Goal Setting

A brief literature review completed in the spring of 2016, P Callahan.

A short tale to perhaps make the notion of goal setting a more memorable experience.

I prefer blue ink. That’s a color that makes me want to write. There is something very powerful about writing a goal. Writing is a process that forces both clarification and commitment. The permanence of ink requires me to take the time to organize my thoughts into a statement that is concise and understandable. The goal becomes worthy of my time and effort. I have a plan, a map of my journey.
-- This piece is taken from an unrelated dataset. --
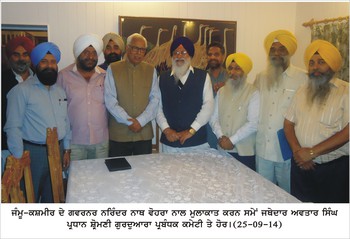 ਅੰਮ੍ਰਿਤਸਰ – ਜੰਮੂ-ਕਸ਼ਮੀਰ ਵਿੱਚ ਆਏ ਹੜ੍ਹਾਂ ਦੇ ਪਾਣੀ ਕਾਰਨ ਬੇਘਰ ਹੋਏ ਜੰਮੂ-ਕਸ਼ਮੀਰ ਦੇ ਸਿੱਖ ਪ੍ਰੀਵਾਰਾਂ ਨੂੰ ਆ ਰਹੀਆਂ ਭਾਰੀ ਮੁਸ਼ਕਲਾਂ ਦੇ ਹੱਲ ਲਈ ਸ਼੍ਰੋਮਣੀ ਗੁਰਦੁਆਰਾ ਪ੍ਰਬੰਧਕ ਕਮੇਟੀ ਦੇ ਪ੍ਰਧਾਨ ਜਥੇਦਾਰ ਅਵਤਾਰ ਸਿੰਘ ਨੇ ਗਵਰਨਰ ਹਾਊਸ ਸ੍ਰੀਨਗਰ ਵਿਖੇ ਜੰਮੂ-ਕਸ਼ਮੀਰ ਦੇ ਗਵਰਨਰ ਸ੍ਰੀ ਐਨ ਐਨ ਵੋਹਰਾ ਨਾਲ ਵਿਸ਼ੇਸ਼ ਤੌਰ ਤੇ ਮੁਲਾਕਾਤ ਕੀਤੀ। ਇਸ ਦੌਰਾਨ ਸ਼੍ਰੋਮਣੀ ਕਮੇਟੀ ਪ੍ਰਧਾਨ ਜਥੇਦਾਰ ਅਵਤਾਰ ਸਿੰਘ, ਸ੍ਰ: ਰੂਪ ਸਿੰਘ ਤੇ ਸ੍ਰ: ਸਤਬੀਰ ਸਿੰਘ ਸਕੱਤਰ, ਸ੍ਰ: ਦਿਲਜੀਤ ਸਿੰਘ ਵਧੀਕ ਸਕੱਤਰ, ਸ੍ਰ: ਰਜਿੰਦਰ ਸਿੰਘ ਰੂਬੀ, ਸ੍ਰ: ਗੁਰਜੀਤ ਸਿੰਘ ਦੱਤਾ ਪ੍ਰਧਾਨ ਗੁਰਦੁਆਰਾ ਕਮੇਟੀ ਬਡਗਾਮ, ਸ੍ਰੀ ਰਮੇਸ਼ ਯਾਦਵ ਸਮੇਤ ੧੦ ਮੈਂਬਰੀ ਵਫ਼ਦ ਸ਼ਾਮਲ ਹੋਇਆ। ਇਸ ਮੌਕੇ ਜਥੇਦਾਰ ਅਵਤਾਰ ਸਿੰਘ ਨੇ ਜੰਮੂ-ਕਸ਼ਮੀਰ ਦੇ ਗਵਰਨਰ ਸ੍ਰੀ ਨਰਿੰਦਰ ਨਾਥ ਵੋਹਰਾ ਨੂੰ ਹੜ੍ਹ ਪ੍ਰਭਾਵਿਤ ਸਿੱਖਾਂ ਦੇ ਇਲਾਕਿਆਂ ਤੋਂ ਜਾਣੂ ਕਰਵਾਉਂਦਿਆਂ ਸ਼ਹਿਰ ਦੀ ਸਾਫ਼ ਸਫ਼ਾਈ ਅਤੇ ਸਿੱਖ ਪ੍ਰੀਵਾਰਾਂ ਦੇ ਮੁੜ ਵਸੇਬੇ ਤਬਾਹ ਹੋ ਗਏ ਵਪਾਰਾਂ ਸਬੰਧੀ ਅਤੇ ਕੇਂਦਰ ਸਰਕਾਰ ਤੋਂ ਇਸ ਆਫ਼ਤ ਵਿੱਚ ਮਾਰੇ ਗਏ ਲੋਕਾਂ ਦੇ ਪ੍ਰੀਵਾਰਾਂ ਲਈ ਵਿੱਤੀ ਪੈਕਜ ਦੀ ਮੰਗ ਕੀਤੀ। ਇਸ ਮੌਕੇ ਗਵਰਨਰ ਸ੍ਰੀ ਐਨ ਐਨ ਵੋਹਰਾ ਨੇ ਜਥੇਦਾਰ ਅਵਤਾਰ ਸਿੰਘ ਤੇ ਉਨ੍ਹਾਂ ਦੇ ਸਾਥੀਆਂ ਨੂੰ ਗੰਭੀਰਤਾ ਨਾਲ ਸੁਣਿਆਂ ਤੇ ਇਨ੍ਹਾਂ ਦੇ ਮਸਲਿਆਂ ਦੇ ਸਰਲੀਕਰਨ ਕਰਵਾਉਣ ਦਾ ਭਰੋਸਾ ਦਿੱਤਾ। ਸ੍ਰੀ ਵੋਹਰਾ ਨੇ ਕਿਹਾ ਕਿ ਮੈਂ ਪੰਜਾਬ ਨਾਲ ਸਬੰਧਤ ਹਾਂ। ਪੰਜਾਬ ਦੇ ਲੋਕ ਬਹੁਤ ਹੀ ਖੁਸ਼ਦਿਲ ਤੇ ਰਹਿਮ ਵਾਲੇ ਹਨ। ਉਨ੍ਹਾਂ ਨੇ ਸ਼੍ਰੋਮਣੀ ਕਮੇਟੀ ਵੱਲੋਂ ਸ੍ਰੀਨਗਰ (ਜੰਮੂ-ਕਸ਼ਮੀਰ) ਵਿਖੇ ਕੀਤੇ ਜਾ ਰਹੇ ਰਾਹਤ ਕਾਰਜਾਂ ਦੀ ਪ੍ਰਸੰਸਾ ਕੀਤੀ ਹੈ ਤੇ ਕਿਹਾ ਕਿ ਸ਼੍ਰੋਮਣੀ ਕਮੇਟੀ ਹੀ ਅਜਿਹੀ ਸਿਰਮੌਰ ਸੰਸਥਾ ਹੈ ਜੋ ਅਜੇਹੀਆਂ ਆਫ਼ਤਾਂ ਮੌਕੇ ਪੂਰਨ ਸਹਿਯੋਗ ਕਰਦੀ ਹੈ। ਸ਼੍ਰੋਮਣੀ ਕਮੇਟੀ ਵਲੋਂ ਕੀਤੇ ਜਾ ਰਹੇ ਰਾਹਤ ਕਾਰਜ ਚੰਗੇ ਅਤੇ ਲੋਕ ਭਲਾਈ ਵਾਲੇ ਹਨ। ਸ੍ਰੀ ਵੋਹਰਾ ਨੇ ਕਿਹਾ ਕਿ ਮੇਰਾ ਪਿੰਡ ਅਟਾਰੀ ਦੇ ਨਜਦੀਕ ਵਨੀਏਂ ਕੇ ਹੈ, ਉਸ ਦੀ ਮਿੱਟੀ ਮੁੜ ਚੁੰਮਣ ਨੂੰ ਦਿਲ ਕਰਦਾ ਹੈ ਤੇ ਮੈਂ ਥੋੜ੍ਹੇ ਦਿਨਾਂ ਤੱਕ ਸਮਾਂ ਕੱਢ ਕੇ ਆਪਣੇ ਪਿੰਡ ਅਟਾਰੀ ਨਜ਼ਦੀਕ ਵਨੀਏਂ ਕੇ ਜਾਵਾਂਗਾ। ਇਸ ਮੌਕੇ ਗਵਰਨਰ ਸ੍ਰੀ ਵੋਹਰਾ ਨੂੰ ਯਾਦ ਪੱਤਰ ਦੇਣ ਉਪਰੰਤ ਪੱਤਰਕਾਰਾਂ ਨਾਲ ਗੱਲਬਾਤ ਕਰਦਿਆਂ ਜਥੇਦਾਰ ਅਵਤਾਰ ਸਿੰਘ ਪ੍ਰਧਾਨ ਸ਼੍ਰੋਮਣੀ ਕਮੇਟੀ ਨੇ ਕਿਹਾ ਕਿ ਸ਼੍ਰੋਮਣੀ ਕਮੇਟੀ ਨੇ ਜੰਮੂ-ਕਸ਼ਮੀਰ ਅੰਦਰ ਹਰ ਧਰਮ ਦੇ ਪ੍ਰੀਵਾਰਾਂ ਦੀ ਸਹਾਇਤਾ ਕਰਦਿਆਂ ਆਪਣੀ ਬਣਦੀ ਸਰਬੱਤ ਦੇ ਭਲੇ ਵਾਲੀ ਜਿੰਮੇਵਾਰੀ ਪੂਰੀ ਤਨਦੇਹੀ ਨਾਲ ਨਿਭਾਈ ਹੈ। ਸ਼੍ਰੋਮਣੀ ਕਮੇਟੀ ਵਲੋਂ ਕੀਤੇ ਜਾ ਰਹੇ ਰਾਹਤ ਕਾਰਜਾਂ ਵਿਚੋਂ ਰਾਹਤ ਮੁਸਲਮਾਨ, ਈਸਾਈ, ਹਿੰਦੂ ਹਰ ਧਰਮ ਦਾ ਵਿਅਕਤੀ ਲੈ ਰਿਹਾ ਹੈ ਤੇ ਕਿਸੇ ਨਾਲ ਕੋਈ ਵਿਤਕਰਾ ਨਹੀਂ ਕੀਤਾ ਜਾ ਰਿਹਾ ਉਨ੍ਹਾਂ ਕਿਹਾ ਕਿ ਸ਼੍ਰੋਮਣੀ ਕਮੇਟੀ ਵੱਲੋਂ ਰਾਹਤ ਕਾਰਜ ਉਦੋਂ ਤੀਕ ਜਾਰੀ ਰਹਿਣਗੇ ਜਿੰਨਾ ਚਿਰ ਕਸ਼ਮੀਰ ਦੇ ਲੋਕ ਆਪਣੇ ਘਰੋਂ ਘਰੀਂ ਨਹੀਂ ਚਲੇ ਜਾਂਦੇ। ਉਨ੍ਹਾਂ ਕਿਹਾ ਕਿ ਗੁਰੂ ਕਾ ਲੰਗਰ ਗੁਰਦੁਆਰਾ ਸ਼ਹੀਦ ਬੁੰਗਾ ਸ੍ਰੀਨਗਰ ਵਿਖੇ ਨਿਰੰਤਰ ਜਾਰੀ ਰਹੇਗਾ ਅਤੇ ਮੈਡੀਕਲ ਟੀਮਾਂ ਆਪਣੀਆਂ ਸੇਵਾਵਾਂ ਲਗਾਤਾਰ ਜਾਰੀ ਰੱਖਣਗੀਆਂ। ਸ਼੍ਰੋਮਣੀ ਕਮੇਟੀ ਕਸ਼ਮੀਰੀ ਭਾਈਚਾਰੇ ਨਾਲ ਮੋਢਾ ਦੇ ਕੇ ਖੜ੍ਹੀ ਹੈ।

My preference is to keep a goal statement brief and to-the-point. Reduce a complex task into a simple phrase. I don’t need to worry the details, not yet, anyway. Put limitations to the goal. Limitations make the goal manageable allowing me to determine the what and when of completion. “Hike the Long Trail over the next month.” Is that doable I ask myself. There is nothing to be gained in setting myself up for failure.

A journey is rarely completed in a single step. A step sends us in a direction. The step only has meaning when it has the limitations of direction and distance. Limitation can be a freedom that provides definition, a detail that measures fulfillment or completion.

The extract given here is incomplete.